The forgotten woman of Detroit’s soul explosion, Bettye LaVette reveals why she was too lewd for Motown, her rivalry with Aretha Franklin and why she loves Kamala Harris

Bettye LaVette is talking about James Brown and liberally fire-hosing one of her favourite words down the fuzzy line from New Jersey. “That muthafucka,” she crackles, her throaty drawl sounding like a thousand log fires. As she tells it, she had been opening for the funk taskmaster on tour in the mid-60s, but he had refused to talk to her the entire time. The only exception was when he stopped her from performing her single Let Me Down Easy at the end of her set, jealous of its rapturous reception. “He made me move it because I was on right before him,” LaVette remembers. “In the theatre, when someone else comes on stage and people are still clapping for you, they call it ‘stepping on applause’. But he would just step all over mine. He was an asshole.”

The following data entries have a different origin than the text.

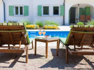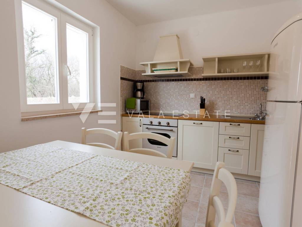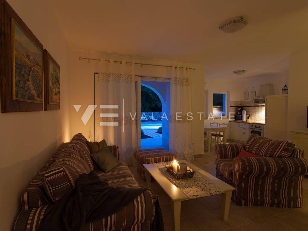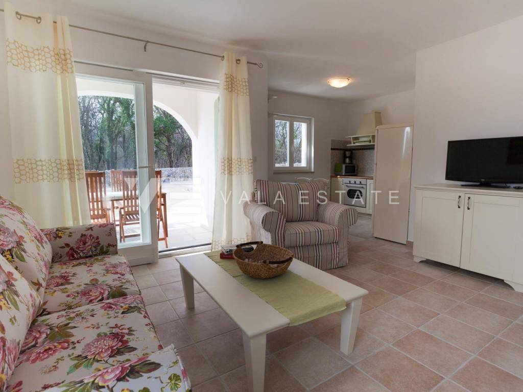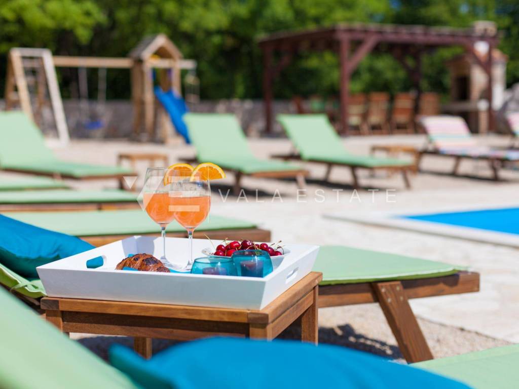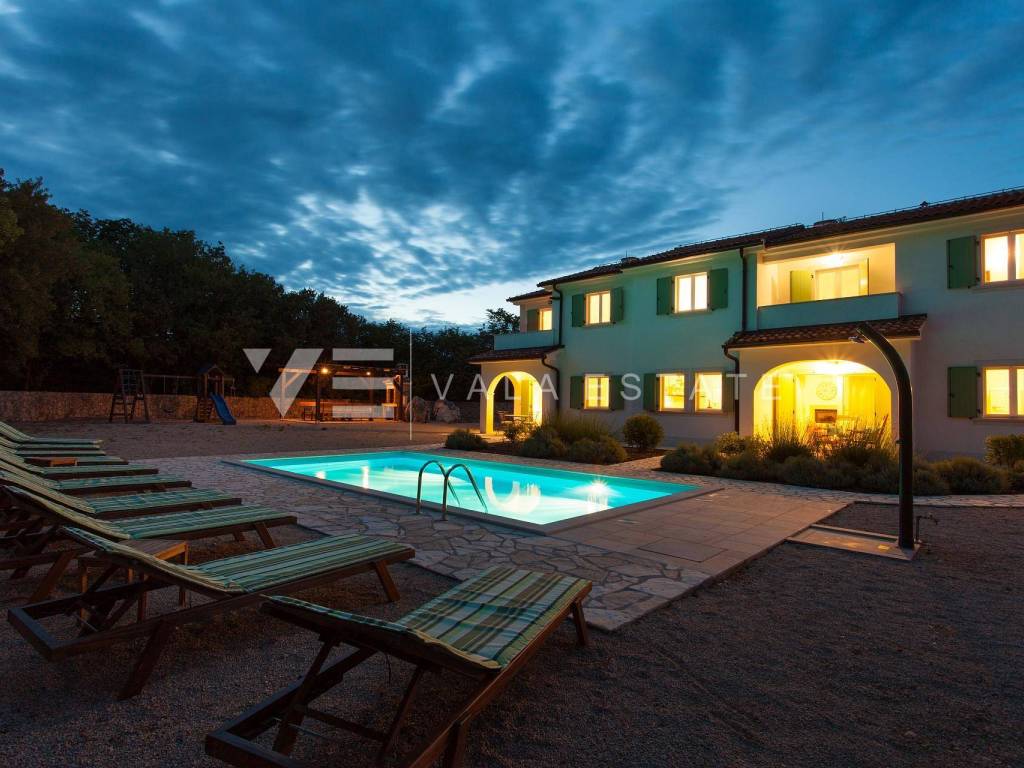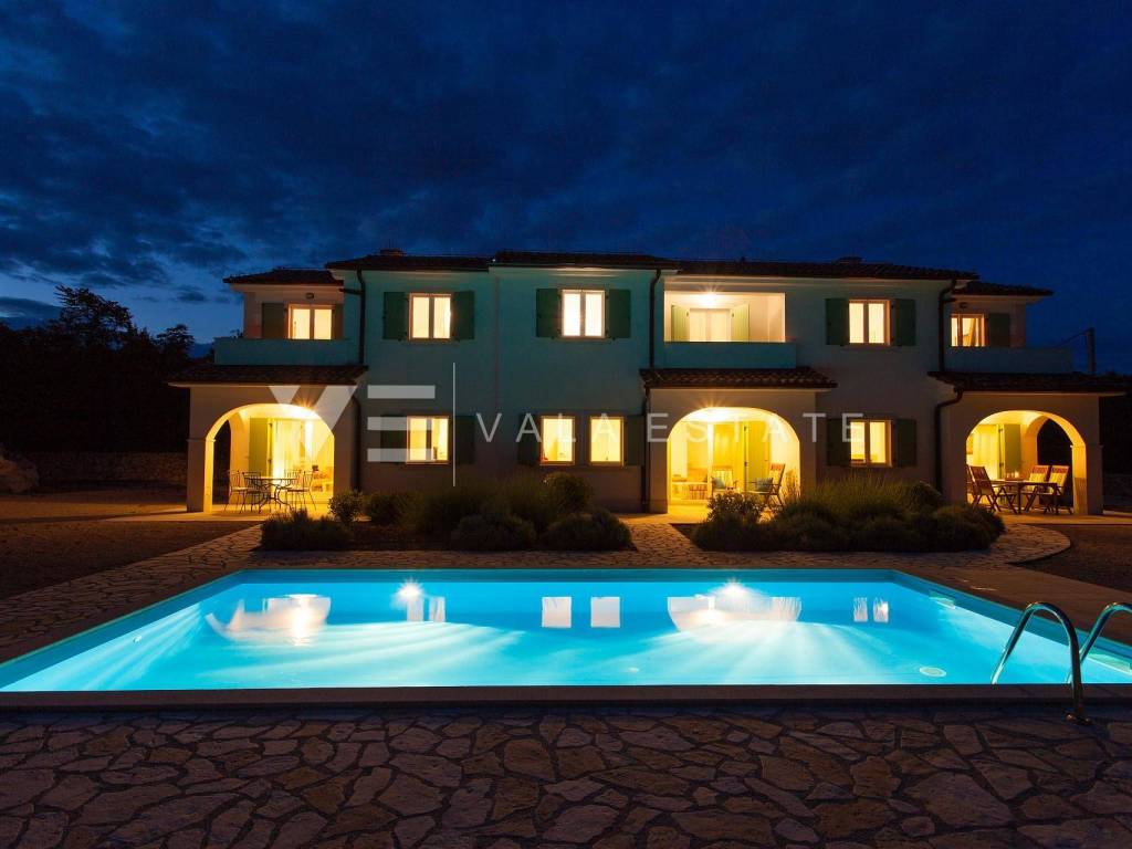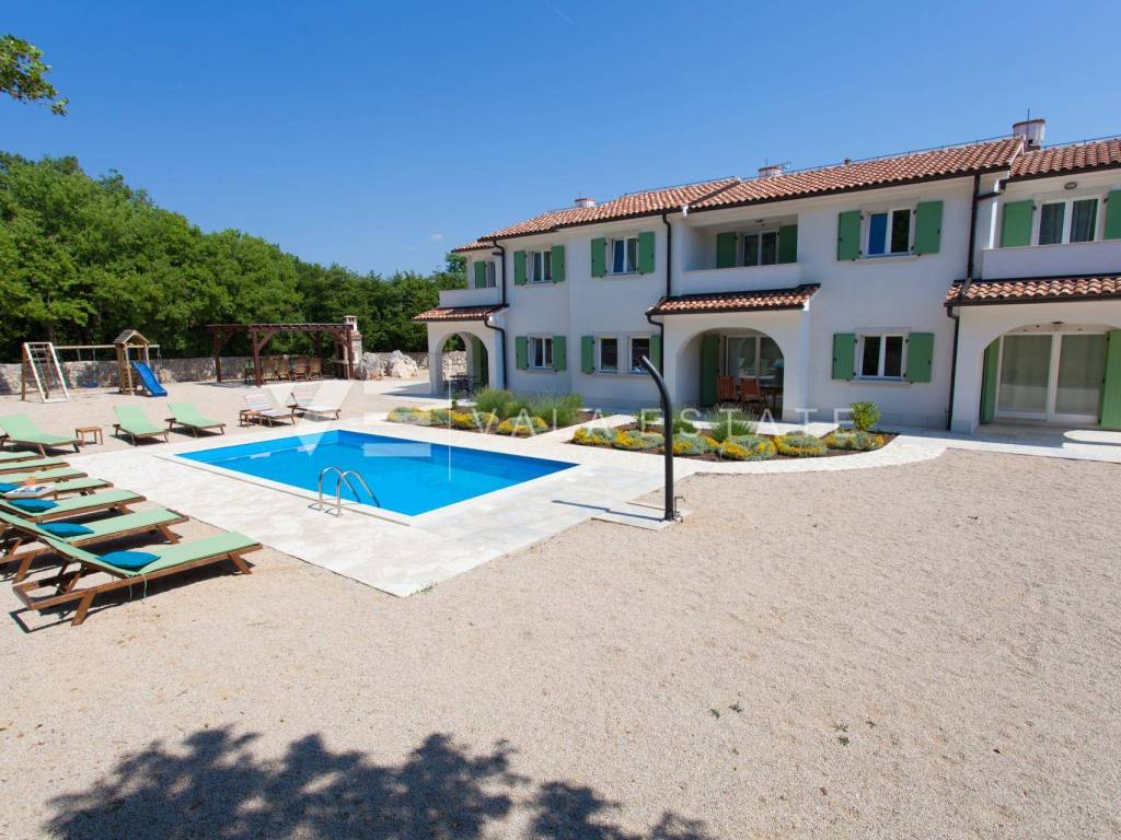 Real estate Krk island, Dobrinj surroundings - furnished villa of 232 m2 for sale, built on a plot of 1938 m2. The villa consists of ground floor and first floor and has three separate residential units. The ground floor of each unit has a living room and kitchen with dining area, toilet, storage room and a covered terrace. Upstairs are two bedrooms, bathroom and terrace. In the beautifully landscaped garden there is a swimming pool of 45 m2, barbecue area with gazebo and children's playground. Quality construction and equipment, air conditioning, the possibility of heating the fireplace in each residential unit, PVC windows with shutters and an extremely large garden, are just some of the advantages of this property. The garden is fully decorated and equipped with an automatic irrigation system. Beautiful, extremely quiet location on the edge of the green zone. Distance from the sea and all amenities is 5000 meters.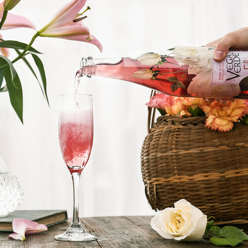 配有礼盒、灯罩和蜡烛,开启浪漫之旅,酒体带有明亮且新鲜的梅果香气,伴有甜美樱桃、蜜桔等果味,酸度活泼,气泡细腻。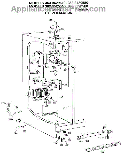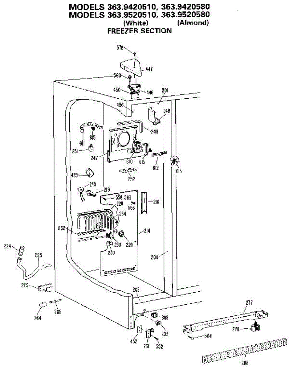 Parts for Kenmore 363.9420580 (3639420580, 363 9420580): Freezer Section Parts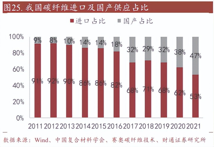 3.2 国内:碳纤维进口总量仍然高于国产量,大丝束开启产业化布局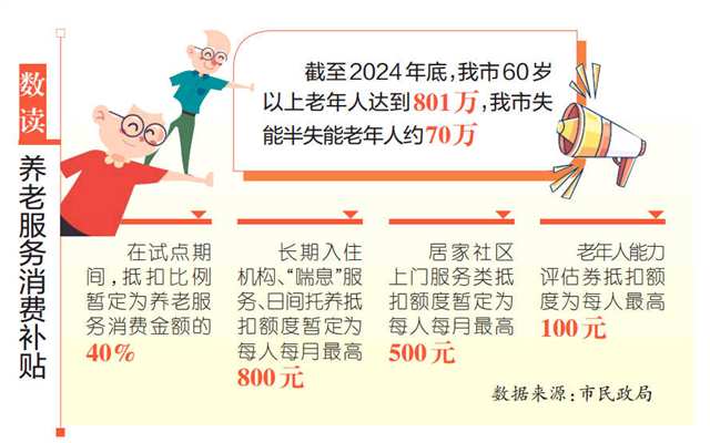 惠及我市70萬失能半失能老年人,每月最高補貼800元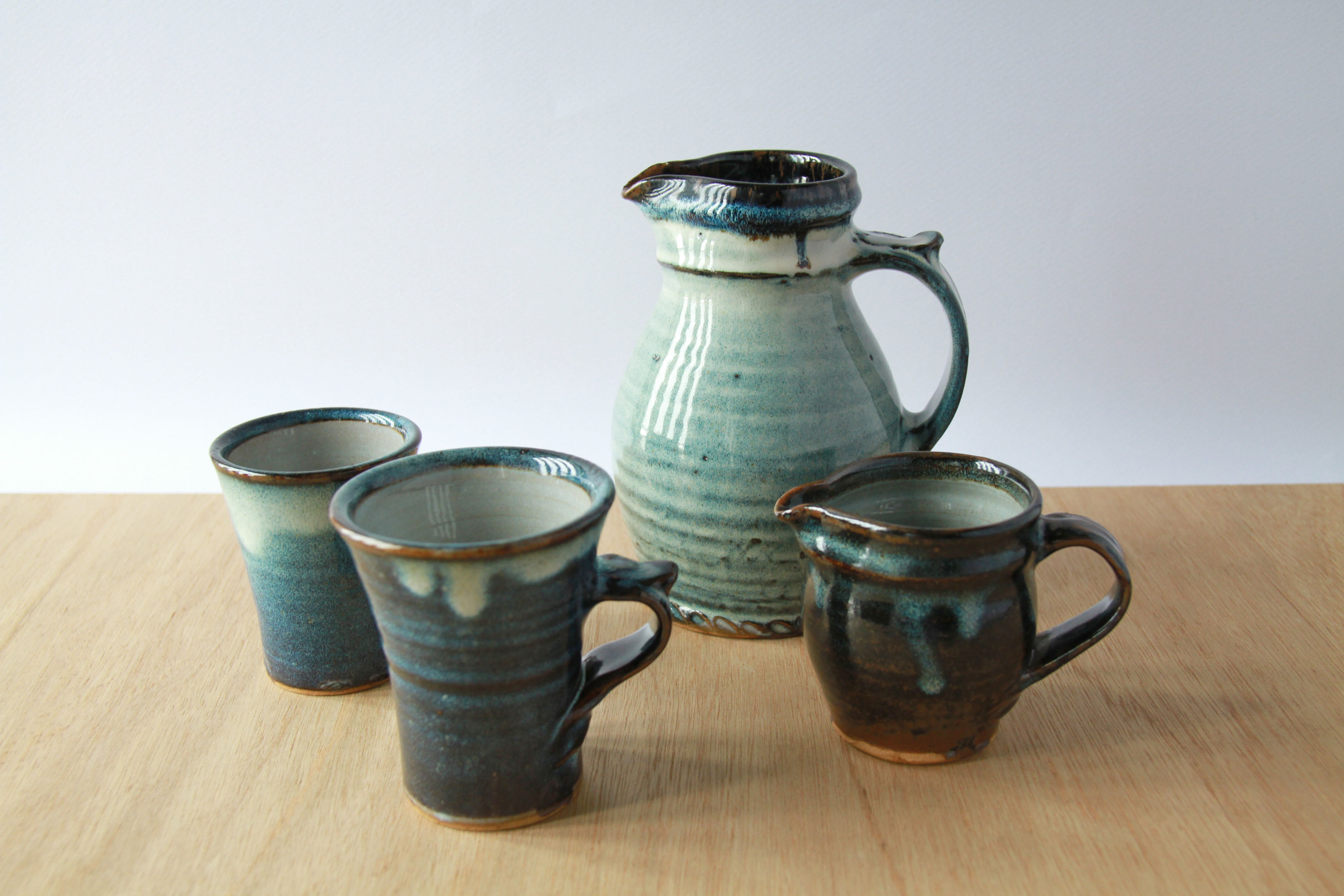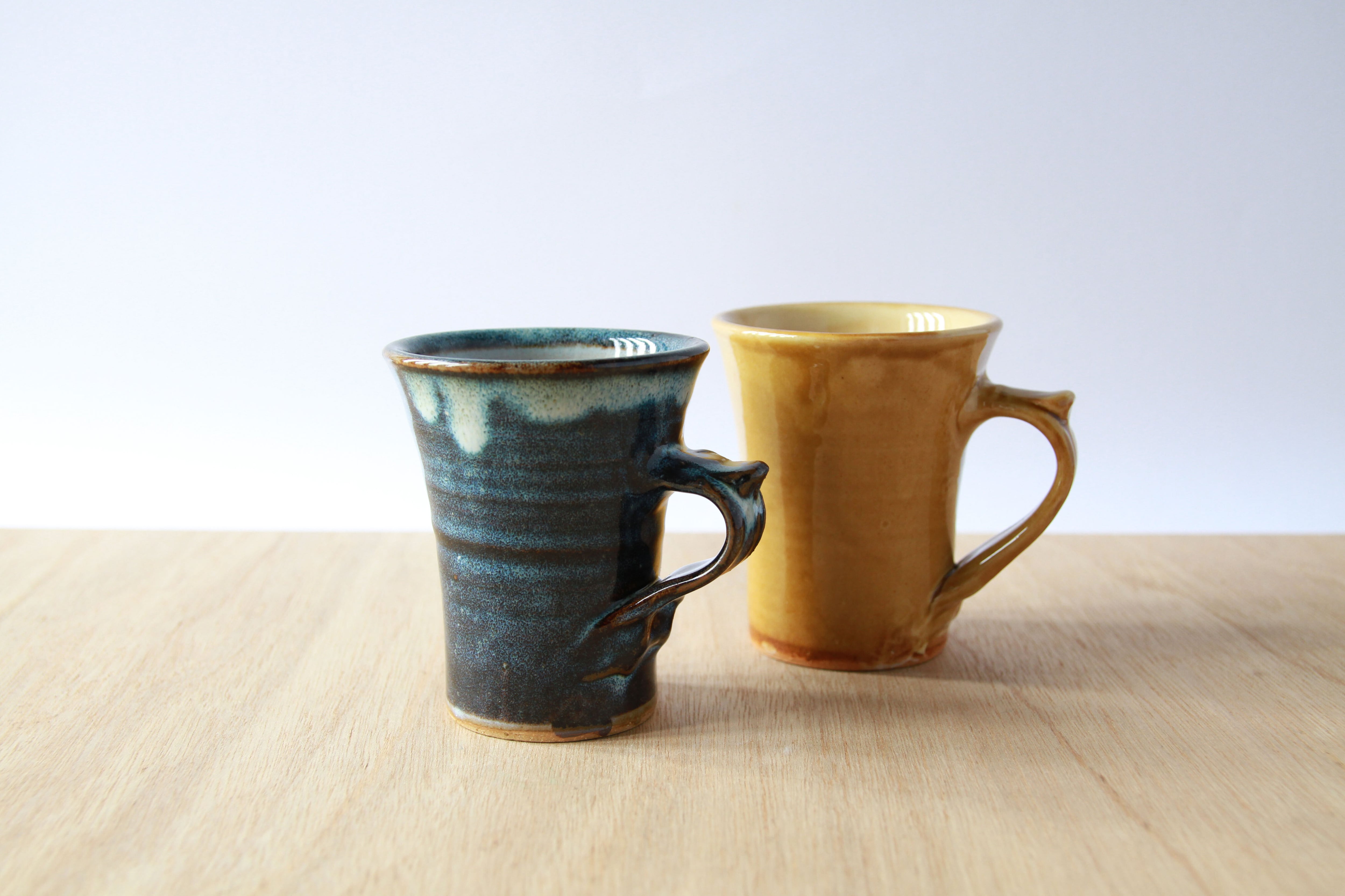 島根県内で産出された材料を用い、黄釉と呼ばれる釉薬を使った黄色い器と海鼠釉と呼ばれる釉薬を使った青い器を作っています。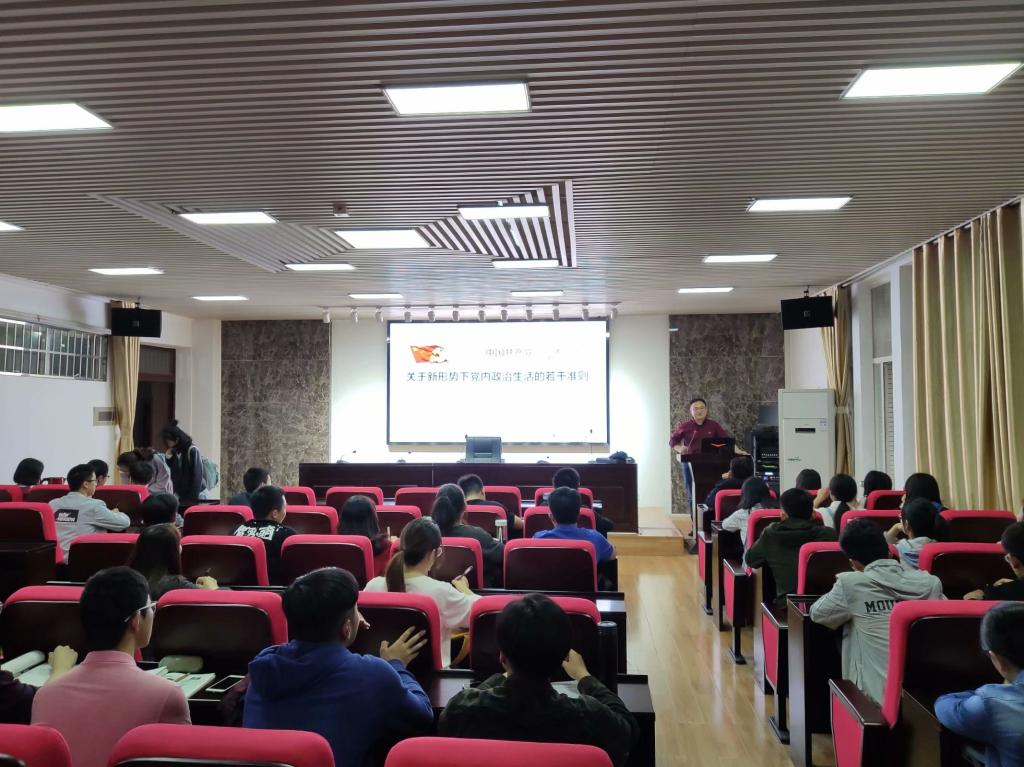 讲课主题为“关于新形势下党内政治生活的若干准则”,任志祥老师围绕《准则》的制定背景开讲,引申至 《准则》的重点和关键、特点分析、新旧《准则》对比等;最后提出思考题:大学生党员如何坚定理想信念?如何切实开展批评与自我批评?在本次党课学习中,课堂氛围融洽,学院们与老师互动良好,认真记录课堂内容,感受到党内政治生活离我们并不是十分遥远,反而与我们息息相关。

Until the mid-2000s, when her career took flight once more – “my fifth career!” she hoots – LaVette was all too familiar with others stepping on her applause. She had signed to Atlantic Records when she was 16, her first single a major hit of 1963. But for the next 40 years, the rhythm and blues singer bounced between label deals and near-destitution as her peers such as Aretha Franklin, Marvin Gaye and Diana Ross became superstars. She grew up in Detroit, birthplace of Motown, where the party was never-ending, but the rivalry was as big as the bouffants. On one occasion, Motown’s Tammi Terrell burst into her dressing room wielding a gun to boast she could “out-sing” her on “any day of the week”. Berry Gordy, the label’s founder, never brought her on to his sparkling roster.